Il presidente di Federtec, Fausto Villa, lo scorso 3 aprile ci ha concesso una lunga intervista che è servita ad analizzare il difficilissimo momento dell’industria italiana, stretta tra i rischi della pandemia e la necessità di pensare a una ripartenza che, in questi, giorni appare frammentata e, in molti casi, priva del necessario coordinamento.

La scorsa settimana vi abbiamo proposto la prima parte della chiacchierata con Fausto Villa. Ecco la seconda e ultima parte, in cui parliamo, inevitabilmente, anche di futuro e possibili opportunità.

Col presidente di Federtec ripartiamo dalla questione degli operatori di produzione

Fatta salva la volontà delle aziende di garantire la massima sicurezza si poneva la questione dei dispositivi di protezione. È stato un freno importante alla possibilità di continuare la produzione, previo il rispetto di certe condizioni?

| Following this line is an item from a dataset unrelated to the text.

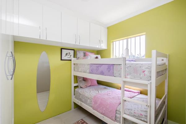 The apartment features two bedrooms, one of which includes built-in cupboards. The bathroom is fitted with a shower, basin, and toilet for practical everyday living.

Le aziende più strutturate si sono organizzate per tempo, con l’obiettivo di garantire l’incolumità degli operatori; purtroppo, le piccole aziende sono state più penalizzate e molte di queste hanno dovuto chiudere. Voglio precisare che il governo non ha fatto pervenire perfino a moltissimi operatori sanitari che stanno sul fronte, e rischiano la propria vita, quanto dovuto per evitare il contagio.

fausto villa
Fausto Villa, presidente di Federtec

Avendo un’origine sanitaria, quella attuale è una crisi certamente diversa rispetto a quella del 2008. Ci sono però, a suo parere, elementi comuni? E l’esperienza che la maggior parte degli imprenditori e dei manager hanno vissuto allora può aiutare ad affrontare il momento attuale?

Questa è una crisi senza precedenti che ha, oltre a quelle economiche, anche implicazioni sociali e morali. Non dimentichiamo che le economie italiana e internazionale erano già prima in lieve flessione.

La crisi del 2008 era stata definita epocale perché era dovuta al rallentamento e alla saturazione dei mercati tradizionalmente ricchi. Dunque, niente a che vedere con quella che il mondo sta vivendo attualmente, se non negli aspetti legati al calo di fatturato.

Con caparbietà, coraggio e capacità di risolvere i problemi, gli imprenditori italiani sapranno reagire e rilanciare il nostro tessuto industriale. È chiaro però che tutte le istituzioni coinvolte – a partire da un’Europa unita che sembra non esserci – devono trovare una sinergia per definire una linea chiara e condivisa su come procedere per salvaguardare e aiutare le aziende.

Ripensare il processo produttivo secondo logiche di digitalizzazione potrà attenuare gli effetti negativi del lockdown? E una distribuzione più razionale delle risorse umane potrà aiutare a riprendere la produzione in sicurezza?

Il mondo è in continuo cambiamento. Essere aperti al cambiamento e all’innovazione non è una scelta ma una necessità. La trasformazione digitale è un cambiamento culturale ancor prima che tecnologico, fondamentale quindi anche per tutti noi è la disponibilità mentale a ripensare comportamenti e abitudini consolidati nel tempo.

Ci troviamo nel pieno dell’era digitale: IoT, big data, intelligenza artificiale, robotica collaborativa, nuove specializzazioni e una nuova ricollocazione degli operatori aziendali potranno essere garanzia di continuità di produzione e sicurezza.

presidente di Federtec
La collettiva Federtec ad Agritechnica 2019

L’Italia, nell’ambito della trasmissione di potenza, è un attore di primissimo piano a livello globale. Teme che quanto sta succedendo possa ridimensionarne il ruolo, una volta terminata la fase acuta dell’emergenza sanitaria?

Dopo la guerra c’è la ricostruzione. L’elevatissimo numero di vittime che questa pandemia sta generando merita assoluto rispetto ma, quando tutto questo finirà, sono convinto che l’Italia saprà reagire. E il settore della trasmissione di potenza – linfa vitale dell’economia italiana e internazionale, con le nostre aziende che esportano quasi il 70 percento della produzione – non farà eccezione.